We assume that $L$ is regular. This then means that there exists a $p > 0$ such that every string $w \in L$ where $|w| \geq p$ can be partitioned as $s = xyz$ such that this partition satisfies conditions 1, 2 and 3. But now it is enough to find some $w$ where $|w| \geq p$ such that no partition can satisfy all three conditions simultaneously.

In the concrete case, you have not told us what alphabet $\Sigma$ we are considering. I assume that $\Sigma = \{ a,b\}$, but this is not important.

So we assume that $L$ is regular, and therefore there must exist a $p > 0$ such that every string $w \in L$ where $|w| \geq p$ can be partitioned as $s = xyz$ such that this partition satisfies conditions 1, 2 and 3.

But now consider $w = a^{2^p}$. Clearly, $w \in L$. Moreover, we have that $|w| \geq p$, so there should be some partition of $w = xyz$ that satisfies conditions 1, 2 and 3.

If the partition must satisfy condition $3$ then the first two parts of the partition, that is, $xy$, must have total length less than $p$. Therefore, $|y| \leq p$. If the partition must also satisfy condition $2$, then $y$ cannot be the empty string, so $y = a^k$ for some $k$ where $0 < k < p$.

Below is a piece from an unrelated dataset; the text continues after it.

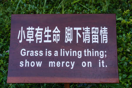 Chongqing, China - August 2019 : Sign in front of a lawn stating that grass is a living thing, show mercy on it, written in English and chinese

But can such a partition then also satisfy condition $1$? No. It is enough to find an $i \geq 0$ such that $xy^iz \notin L$ to see this. Take $xy^2z$. This string has length $2^p + k$, and since $k < p$, we know that $2^p + k$ cannot be a power of $2$. So $xy^2z \notin L$.

In other words: The appropriate strategy is to try to satisfy the conditions one by one. Usually, we first try to satisfy condition $3$. This will tell us where $y$ can appear (among the first $p$ symbols) and how long it can be. Given that, we then try to also satisfy condition $2$, and this usually just provides with the useful information that the string $y$ that can be repeated, is non-empty. Finally, we show that we can "pump our way out" of the language with this partition, thereby violating condition $1$.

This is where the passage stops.